Stable Diffusion and Automatic1111 Tutorial Series

4 in pool next »

+15

Stable Diffusion and Automatic1111 Tutorial Series (journal link)

Covered in this tutorial

• Some basic info about Stable Diffusion (SD) and (A1111), including terminology and setup info
• My default A1111 settings and an overview of my work process
• Steps on how to reproduce a sample render
• At the bottom, there are some misc tips that I would encourage people of all skill levels to take a look

I appreciate any and all feedback, including things I missed, things that are incorrect, or things that could be explained better. Private or public message is fine.

Common terminology

There are a lot of resources out there that go into way more detail than I can fit here. But I want to at least mention the terms that you should be familiar with.
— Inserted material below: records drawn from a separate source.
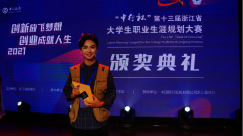 本届大赛中,李金龙同学以《一位纪录片导演的成长之路》为题,展示自己立志成为一名优秀的纪录片导演的职业梦想,荣获职业规划类(本研组)一等奖,并被授予“2021年浙江省最佳职业规划之星”荣誉称号。周微微、王聪、陈孟伟三位老师被评为“优秀指导教师”。
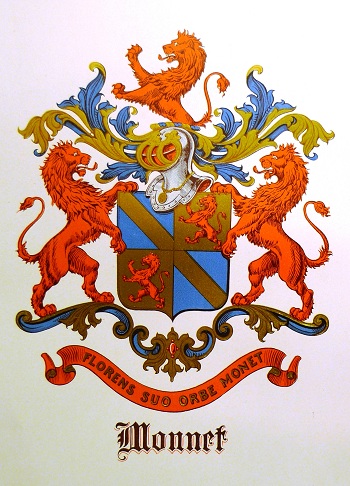He was a Huguenot who had fled at the Revocation of the Edict of Nantes. He emigrated in 1707. Orra Monnet was an officer or member of many ancestral societies. This is a striking depicting of arms containing bold, red lions. The supporters are well drawn but appear a bit too big for the shield.
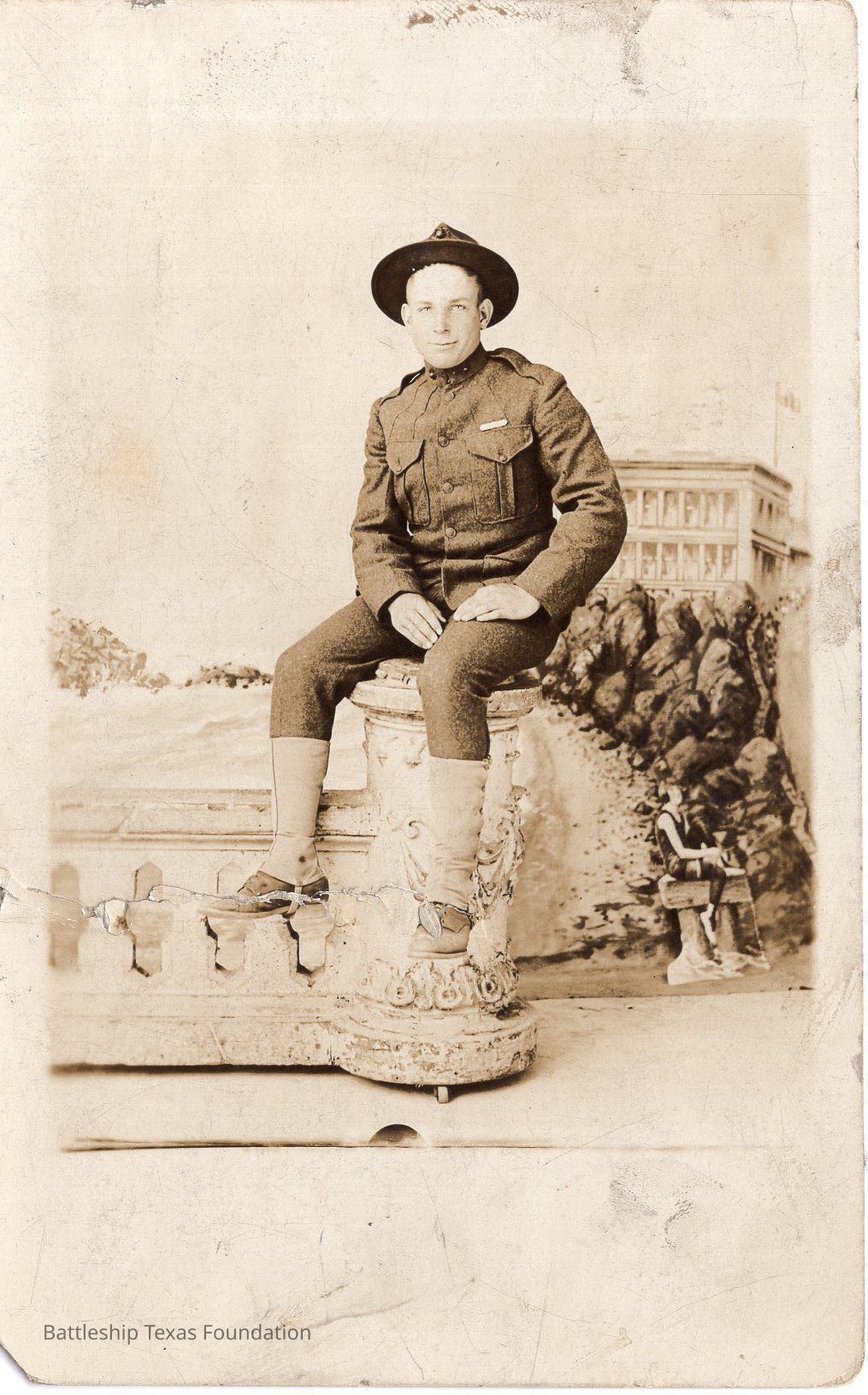 Hjalmer Johnson in Marine uniform sitting on stonework.
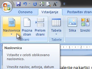 Naslovnica v Wordu |
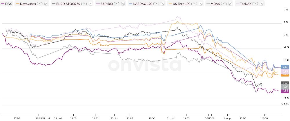 Keine Spur von Ferienruhe an den Märkten. Die Trump’schen Zollsalven, gemischte Signale von der Konjunkturfront und volatile Rohstoffpreise sorgen für einen hochgradig spannungsgeladenen Augustauftakt. Wer auf ruhige Sommerwochen spekuliert hat, wird spätestens jetzt eines Besseren belehrt. Der Juli endete mit Quartalszahlen, Makroschocks und Zolldrohungen. Diese Aneinanderreihung der Ereignisse, die sich quasi die Klinke in die Hand gaben, waren schlussendlich zu viel für die Märkte, die sich daraufhin eine Auszeit gönnten.
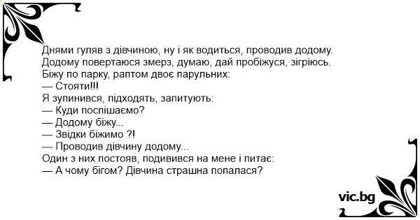 — А чому бігом? Дівчина страшна попалася?
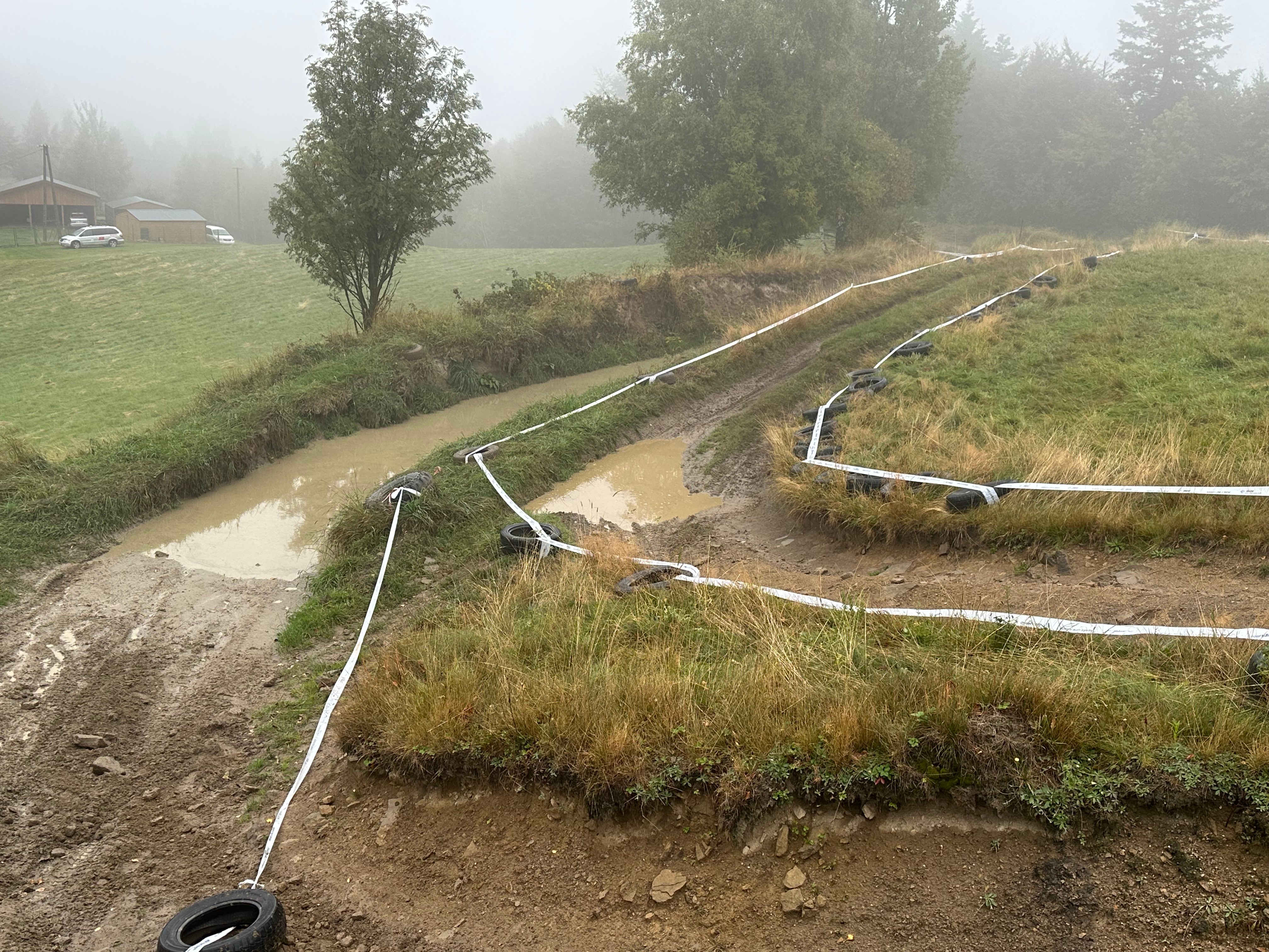 Траса выглядала складанай, нават калі было б суха. Ва ўмовах дажду - няма чаго казаць.

• Stable Diffusion (or SD) – A generative AI model that generates images from text
• Automatic1111 (or A1111) – A web browser based user interface for creating and executing Stable Diffusion Prompts
• model – Represented as a 2+ GB file, a trained set of weights that determines how Stable Diffusion will handle prompts and the general art style it produces. (This is very hard to describe succinctly, please do look up better explanations)
• prompt – The text input into Stable Diffusion, represented as a separate positive prompt and negative prompt to control what to include and exclude from the render

Less important
• CivitAI – A website that serves models and LoRAs for download. I get all my resources from here. https://civitai.com
• LoRA (low-rank adaption) – You can think of these as mini-models, or add-ons to a main model that instruct Stable Diffusion about a specific concept; usually a character, art style, object, or pose.
• prompt weight – Any keyword/phrase in your prompt can be given a weight or strength number to affect its influence on the prompt. 1.0 is default and can be changed like (keyword:1.2) or (keyword:0.8) or (keyword)+ or (keyword)-. I always use numbers instead of +/-.
• txt2img – The mode of Stable Diffusion that transforms text prompts into images
• img2img – Another mode where you can also include an image as part of the input
• upscaling – Process of generating higher resolution images by passing a lower res render through img2img.
• Highres fix – Feature of A1111 that does upscaling by generating a txt2txt image and immediately passing that result to img2img.
• X/Y/Z plot – The name of a script in the “Script” dropdown menu of A1111. I use this heavily for generating upscales of a selected set of seeds.
• embedding (or textual inversion) – A small file that instructs a model how to respond to a specific keyword in the prompt. I am avoiding using these in these tutorials to make things easier.
• ControlNet – A plugin for A1111 that provides many powerful controls over how the image is rendered. Future tutorials planned to cover this.
• Latent Couple – A plugin for A1111 that allows user to generate separate prompts for different parts of the image. Useful for creating multiple characters. Future tutorials planned to cover this.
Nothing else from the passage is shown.